Hi Matthew,
Walmarts destroy local Ma and Pa stores, but that is not necessarily rural America or is it since AFAIK, Grain stores, the huge trans-national grain companies control the seeds for many years, not Walmart, John Deer and other companies sell the tractors and so forth.
Mills in Massachusetts and the Steel places in Pittsburgh that are closed down, not, TTBOMK, the small farm.
For sure, the General Store, where one can get food and brooms and change checks etc probably do close down, but that is not what's shown with the silo, or is it meant to represent that?
The grain silo also reminded me of the missile silos except those things are below ground.
To the picture:
Matthew Desmond said:
ya I shot at a 28 focal length... would the image still work if I cropped it so that the top half of the silo cut off?
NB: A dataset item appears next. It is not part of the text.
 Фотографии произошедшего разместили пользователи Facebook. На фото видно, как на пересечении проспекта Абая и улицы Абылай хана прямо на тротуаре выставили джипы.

I didn't mention cropping. Rather I wanted to know if you took more pictures of the landscape. I asked that since it is an interesting area to me. I have never seen a silo of that shape. Is it isolated? What structures are there nearby? Are they in working state or rusty and in ruins?
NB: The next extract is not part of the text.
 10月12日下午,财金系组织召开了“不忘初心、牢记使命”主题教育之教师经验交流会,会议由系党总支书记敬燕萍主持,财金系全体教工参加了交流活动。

I thought perhaps you had more of this fascinating area to share.
I do like the subject. Most important in an image is whether or not it engages. Here, the answer is yes. The huge thing cannot be ignored and the little store in the b.g. is a massive store, in reality, an irony.
I do wonder about the decision to frame with little sky. Where there objects you sought to exclude? Or was this your artisitc design to crop close.
One might choose to gain some frame of reference by adding sky above and landscape and a horizon.
This might bring out more clearly the clash of the two. The small town economies supporting and being ravaged by Walmart and each being inversely proportional in power to their physical side in the picture as you already have shown, but in a large context.
Thanks for taking me to somewhere new!